2021 34th SIBGRAPI Conference on Graphics, Patterns and Images (SIBGRAPI) Pub Date : 2021-10-01 DOI:10.1109/sibgrapi54419.2021.00018

R. Escher, Rodrigo Andrade de Bem, P. L. J. Drews

{"title":"Fast Spatial-Temporal Transformer Network","authors":"R. Escher, Rodrigo Andrade de Bem, P. L. J. Drews","doi":"10.1109/sibgrapi54419.2021.00018","DOIUrl":null,"url":null,"abstract":"In computer vision, the restoration of missing regions in an image can be tackled with image inpainting techniques. Neural networks that perform inpainting in videos require the extraction of information from neighboring frames to obtain a temporally coherent result. The state-of-the-art methods for video inpainting are mainly based on Transformer Networks, which rely on attention mechanisms to handle temporal input data. However, such networks are highly costly, requiring considerable computational power for training and testing, which hinders its use on modest computing platforms.

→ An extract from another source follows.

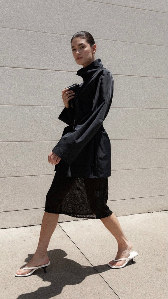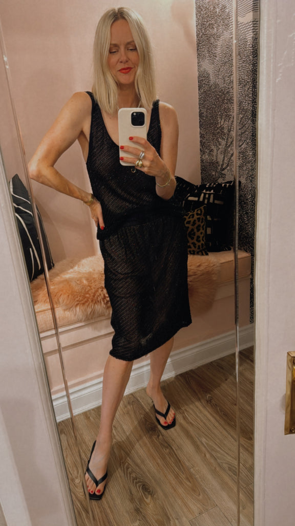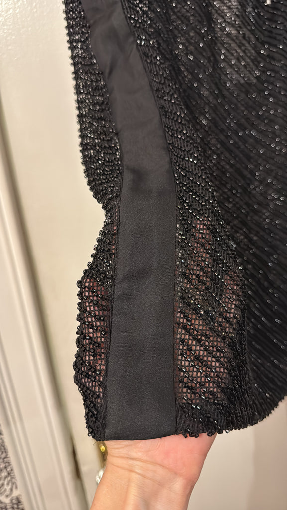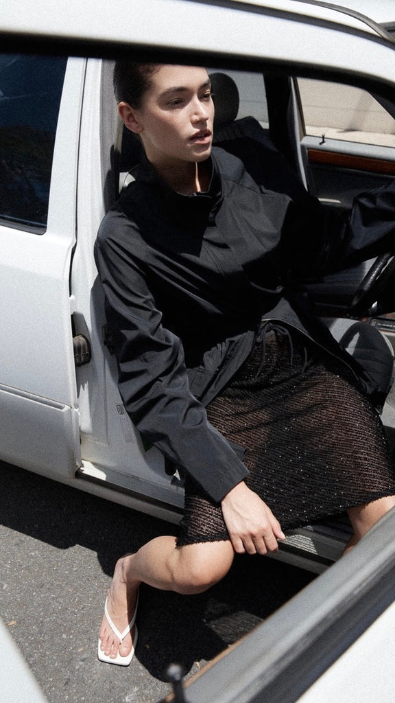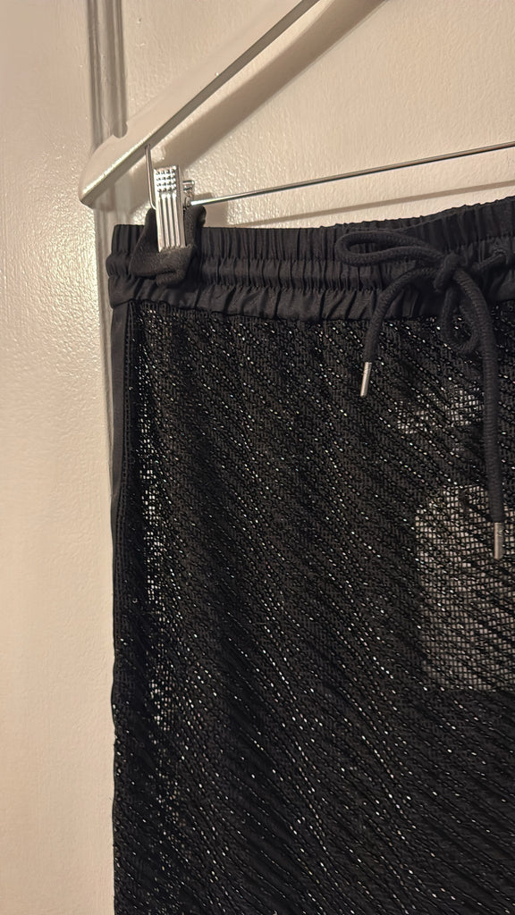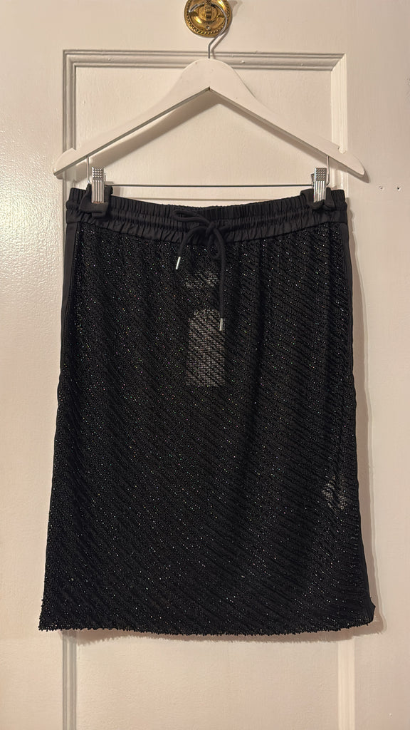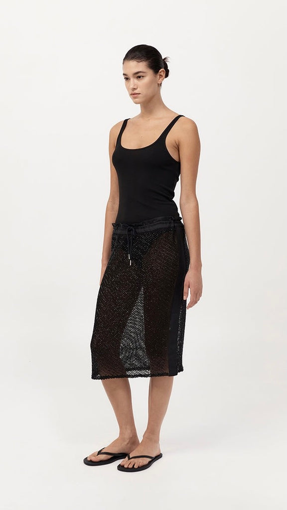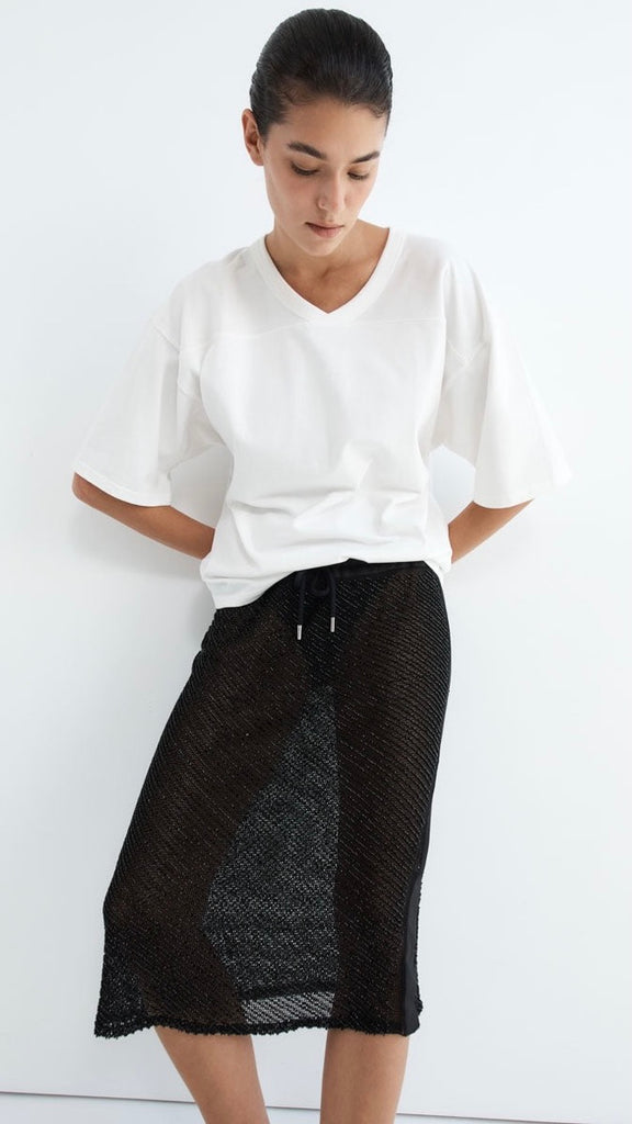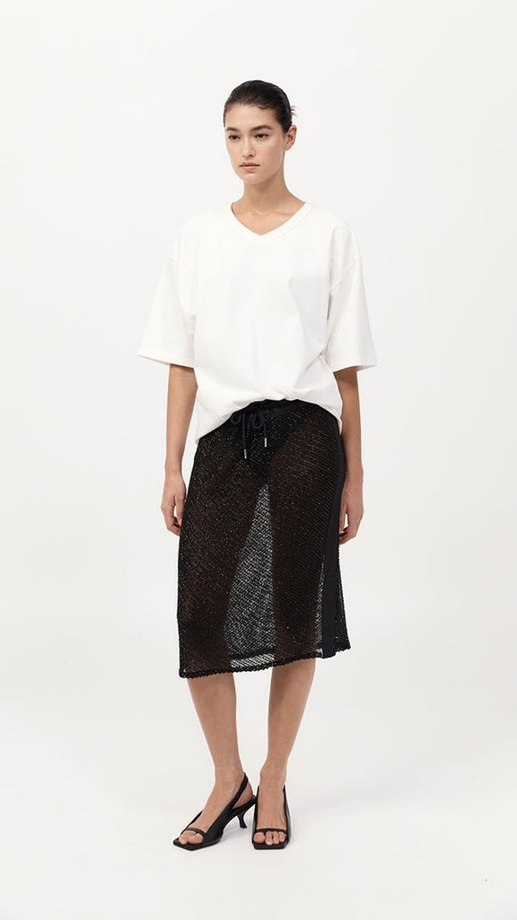 The Glass Beaded Mesh Skirt strikes a balance between artistry and ease. Designed with a mid-rise drawstring waist and knee length. Adorned with hand-applied glass beads, the Glass Beaded Mesh Skirt can be simply styled as a set with the Glass Beaded Mesh Top.

In this context, our goal is to reduce the computational complexity of state-of-the-art video inpainting methods, improving performance and facilitating its use in low-end GPUs. Therefore, we introduce the Fast Spatio-Temporal Transformer Network (FastSTTN), an extension of the Spatio-Temporal Transformer Network (STTN) in which the adoption of Reversible Layers reduces memory usage up to 7 times and execution time by approximately 2.2 times, while maintaining state-of-the-art video inpainting accuracy.","PeriodicalId":197423,"journal":{"name":"2021 34th SIBGRAPI Conference on Graphics, Patterns and Images (SIBGRAPI)","volume":"150 1","pages":"0"},"PeriodicalIF":0.0000,"publicationDate":"2021-10-01","publicationTypes":"Journal Article","fieldsOfStudy":null,"isOpenAccess":false,"openAccessPdf":"","citationCount":"1","resultStr":null,"platform":"Semanticscholar","paperid":null,"PeriodicalName":"2021 34th SIBGRAPI Conference on Graphics, Patterns and Images (SIBGRAPI)","FirstCategoryId":"1085","ListUrlMain":"https://doi.org/10.1109/sibgrapi54419.2021.00018","RegionNum":0,"RegionCategory":null,"ArticlePicture":[],"TitleCN":null,"AbstractTextCN":null,"PMCID":null,"EPubDate":"","PubModel":"","JCR":"","JCRName":"","Score":null,"Total":0}

引用次数: 1

Abstract

In computer vision, the restoration of missing regions in an image can be tackled with image inpainting techniques. Neural networks that perform inpainting in videos require the extraction of information from neighboring frames to obtain a temporally coherent result. The state-of-the-art methods for video inpainting are mainly based on Transformer Networks, which rely on attention mechanisms to handle temporal input data. However, such networks are highly costly, requiring considerable computational power for training and testing, which hinders its use on modest computing platforms. In this context, our goal is to reduce the computational complexity of state-of-the-art video inpainting methods, improving performance and facilitating its use in low-end GPUs. Therefore, we introduce the Fast Spatio-Temporal Transformer Network (FastSTTN), an extension of the Spatio-Temporal Transformer Network (STTN) in which the adoption of Reversible Layers reduces memory usage up to 7 times and execution time by approximately 2.2 times, while maintaining state-of-the-art video inpainting accuracy.

查看原文本刊更多论文

快速时空变压器网络

在计算机视觉中，图像缺失区域的恢复可以用图像补漆技术来解决。在视频中执行补画的神经网络需要从相邻帧中提取信息以获得时间一致的结果。目前最先进的视频绘制方法主要基于变压器网络，它依赖于注意力机制来处理时间输入数据。然而，这样的网络非常昂贵，需要相当大的计算能力来进行训练和测试，这阻碍了它在适度的计算平台上的使用。在这种情况下，我们的目标是降低最先进的视频绘制方法的计算复杂性，提高性能并促进其在低端gpu中的使用。因此，我们引入了快速时空变压器网络(FastSTTN)，这是时空变压器网络(STTN)的扩展，其中采用可逆层可将内存使用量减少7倍，执行时间减少约2.2倍，同时保持最先进的视频绘制精度。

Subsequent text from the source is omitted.